The Timbermen did cut the lead down to 9-7 with 68 seconds to play but Isaac Ngyou rounded out the scoring with an empty-net goal in the final minute.
Armitage led the Thunder with a hat trick and five points while Malawsky scored twice and had three points. Doughty (one goal, two assists), Brunsch (one goal, one assist and Stuart Phillips (two assists) all had multi-point games while Drew Andre, Declan Fitzpatrick and Ngyou had a goal apiece.
Brayden Wandler made 36 saves on 43 shots and the Thunder goaltender finished the four-game series with a .792 save percentage and a 9.26 goals against average. Nanaimo’s Justin Geddie finished with 50 saves as his team was outshot 60-43, including 23-13 in the third period.
The Timbermen entered game four averaging nearly 13 goals per game in the series with the duo of Ryan Sheridan (10 goals, four assists) and Jacob Dunbar (10 goals, two assists) leading the offensive attack with a combined 20 of their team’s goals.
But game four saw Sheridan (one goal, two assists) and Dunbar (two goals, one assist) held to three points apiece.
“Defence today, stood up, executed exactly what we asked them to do to a T … couldn’t ask them to do anything better back there,” said Thunder head coach Adam Smith.
The Timbermen – who were the second seed and had home-floor advantage in the series over the third-place Thunder – had staved off elimination the day before with a dramatic 14-13 double-overtime victory in Nanaimo.
Langley led by two goals with less than six minutes to play but the Timbermen scored twice on the power play to force a 10-minute overtime period. Nanaimo when ahead 13-11 in the extra frame before Langley rallied back to tie the score at 13, forcing a sudden-death period with Dunbar striking for the decisive goal.

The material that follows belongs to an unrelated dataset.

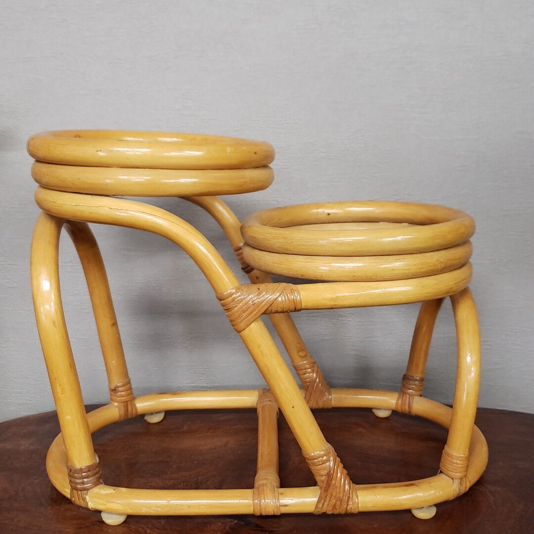 ラタン製のフラワープランタースタンドです。段違いで飾ることができます。

“It was disappointing, but we fought hard, double overtime and it just didn’t go our way,” said Langley captain Matt Abbott about the team’s mindset following the game three defeat.
“Today we came out and didn’t need to change much; it was just little details and outwork them: that was the name of the game today,” he said. “We knew we just needed to do the exact same thing: lock in on their guys and keep playing our game because what we were doing was working but just didn’t go our way on Saturday.”